Conclusion: The study found seven patients had imperfect orbital fractures, with a third having fractures in various areas. Comminuted fractures were common, with high instability rates. Most patients were satisfied with their surgical results and quality of life, supporting the use of 3D navigation for complex orbital reconstruction.

Keywords: 3D reconstruction, implant, orbital fractures, orbital reconstruction, outcome, PEEK, PMMA, reconstructive surgical procedures, Yemen.

INTRODUCTION

There are two types of orbital fractures: complex orbito-facial fractures and orbital fractures. Fractures that only affect the orbit's inner walls and do not cause the orbital margins to shift are known as confined or simple orbital fractures. They fall into three general categories: impact fractures, which are less frequent, burst fractures, and linear fractures. There are several types of orbital fractures that affect the rest of the craniofacial skeleton, including orbitofacial fractures (Le Fort II fractures {medial wall and floor} and Le Fort III fractures {medial wall and lateral wall}), skull, orbital, facial, and full-face fractures (upper, middle, and lower facial skeleton), and complex zygomatic-maxillary fractures (involving the lateral wall and lateral orbital floor)^1,2. For any significantly displaced orbital fractures (orbital rims and/or walls) at risk of developing post-traumatic deformity, such as enophthalmos and residual diplopia, orbital fracture repair is recommended with the appropriate risk rating. The only exceptions are trapdoor or linear fractures, which are typically seen in children and young adults and do not entrap the inferior rectus-intermuscular septum complex or medial rectus. Burnstine provided an evidence-based procedure for ocular blow out fractures that included entrapment and major fractures when latent enophthalmos was imminent as indications for emergent surgery^2,3. It is preferable to observe small fractures with minimal diplopia and uninjured extraocular movements. In those observational cases, additional surgical intervention is performed when edema subsides and diplopia persists or enophthalmos manifests clinically⁴. Additional reasons for surgery include trismus, telecanthus and facial deformity from a naso-orbito-ethmoid (NOE) fracture in a patient who is worried about the abnormalities, or increased mid-face breadth or malar flattening from a zygomatico-maxillary (ZMC) fracture⁴.

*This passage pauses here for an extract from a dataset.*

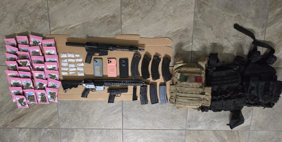 Durante la acción operativa, se aseguraron un vehículo Volkswagen Bora, así como dos armas de fuego largas y una arma corta, 10 cargadores, 65 cartuchos útiles, tres chalecos balísticos, equipos de comunicación, además de 30 envoltorios con hierba verde y seca con características de la marihuana, y 15 envoltorios con sustancia granulada similar a la droga conocida como cristal.

With an incidence of 3–32%, orbital wall fractures are a frequent consequence of face trauma⁵. Significant enophthalmos and limiting diplopia are common surgical indications for orbital wall fracture repair⁶. In order to repair the defect and stop the orbital tissues from herniating again, an orbital wall implant is typically placed during surgery⁷. Restoring the internal orbit's normal anatomical relationships while preventing implant and procedure-related problems is the primary objective of the surgery. However, because orbital architecture varies from person to person, it is difficult for surgeons to restore orbital wall deformities precisely. The orbit's 3D structure features intricate concavities and convexities in its contours, making it more than just a straightforward cone. Consequently, it is challenging and time-consuming to manipulate implants intraoperatively to fit these complex geometries, particularly for novice surgeons. A promising answer to this problem is provided by developments in 3D printing technology. Our earlier research showed that effective orbital volume restoration may be achieved by bending titanium-embedded polyethylene 2D implants using a 3D-printed mold⁸. Additionally, a variety of bone abnormalities can now be repaired thanks to recent advancements in direct printing technology using biocompatible materials^9-11. For the repair of orbital wall fractures, we have used a polycaprolactone (PCL) patient specific implant (PSI) that was 3D printed.

SUBJECTS AND METHODS

Study Design: A serial clinical follow-up study.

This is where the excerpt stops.